[Work instruction]: Repeat only what runs from the line with "вставить в торт." through the last line of the data below, both included, keeping every word as it is and leaving out the pictures.

[Given material]:
####################

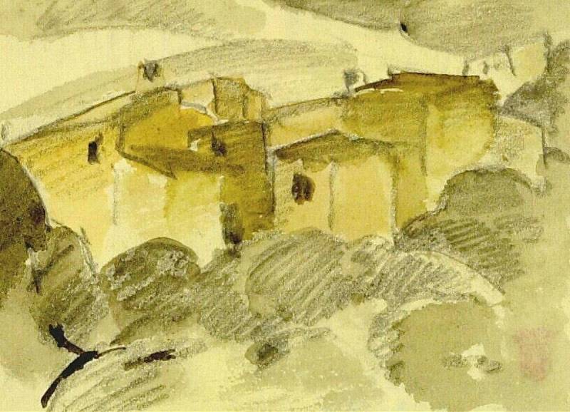 potlood en aquarel op papier
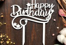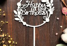 Топпер «Happy Birthday» изготовлен из дерева, окрашен безопасной краской. Его нужно вставить в торт.
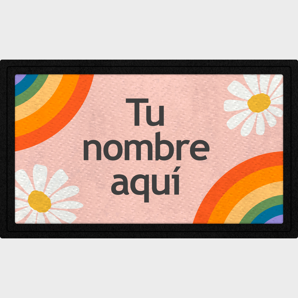 Parche stick DTF Eco flock negro con un diseño de arcoíris, ideal para los más pequeños y puedes personalizarlo con el nombre que quieras

####################

[The completed task]:
 Топпер «Happy Birthday» изготовлен из дерева, окрашен безопасной краской. Его нужно вставить в торт.
 Parche stick DTF Eco flock negro con un diseño de arcoíris, ideal para los más pequeños y puedes personalizarlo con el nombre que quieras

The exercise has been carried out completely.